Extending ER models to capture database transformations to build data sets for data mining

0
84

Authors: Carlos Ordonez, David Sergio Matusevich, Sofian Maabout, Wellington Cabrera

Tags: 2013, conceptual modeling

In a data mining project developed on a relational database, a significant effort is required to build a data set for analysis. The main reason is that, in general, the database has a collection of normalized tables that must be joined, aggregated and transformed in order to build the required data set. Such scenario results in many complex SQL queries that are written independently from each other, in a disorganized manner.

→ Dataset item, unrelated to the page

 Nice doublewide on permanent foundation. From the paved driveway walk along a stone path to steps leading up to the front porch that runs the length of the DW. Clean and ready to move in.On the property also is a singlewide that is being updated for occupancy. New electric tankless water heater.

Therefore, the database grows with many tables and views that are not present as entities in the ER model and similar SQL queries are written multiple times, creating problems in database evolution and software maintenance. In this paper, we classify potential database transformations, we extend an ER diagram with entities capturing database transformations and we introduce an algorithm which automates the creation of such extended ER model. We present a case study with a public database illustrating database transformations to build a data set to compute a typical data mining model.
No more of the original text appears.